Securitisation Act – Deposit under Section 18

Though no principle of law has been laid by the Hon’ble Supreme Court in the Judgment of Persn Medicinal Plants Pvt. Ltd. v. Indian Bank, decided on 25.02.2011 but it clearly indicates that in a given situation where an amount more than the amount due from the borrower/guarantor had already been realized by auction sale, which stands confirmed and the possession of the property also had been handed over to the Bank which is utilizing the same or is utilizing the property having purchased the same in the said auction, insistence on the deposit referred to under proviso to Section 18 would be contrary to the legislative intent as also the express provision as is evident from the use of the words “50% of the amount of debt due from him”.
A similar view has been taken by a Division Bench of the Punjab and Haryana High Court in similar fact situation in the case of S.R. Forging Ltd. v.
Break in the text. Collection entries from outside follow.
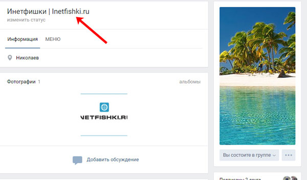Назва відображається на головній сторінці групи вгорі.
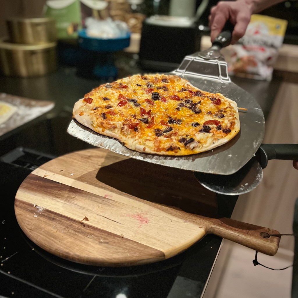 - Bruk en pizzaspade og plasser bakearket med ferdigpyntet pizza på pizzastenen
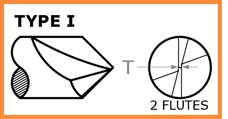 • Type I pointed style ground to a point, yielding web thickness at tip (T)

UCO Bank and another, 2013 (1) DRTC 734, which reads as under:
“At this stage, we find that out of total due amount of Rs. 18.24 crores, Rs. 17.75 crores have been received by the bank in a public auction. Therefore, the deposit of 50% of the amount due prior to sale from the petitioner would be wholly unjustified. The proviso to section 18 of the Act restricts the entertainment of the appeal unless the borrower deposits 50% of the amount of the debt claimed by the Secured Creditors. Once Rs. 17.75 crores have been received by the secured creditors, that is more than 50% of the debt due from the petitioners, the purpose of the proviso stands satisfied”. Akash Ganga Airlines Ltd. v. DRAT, 2015 (5) AWC 5186.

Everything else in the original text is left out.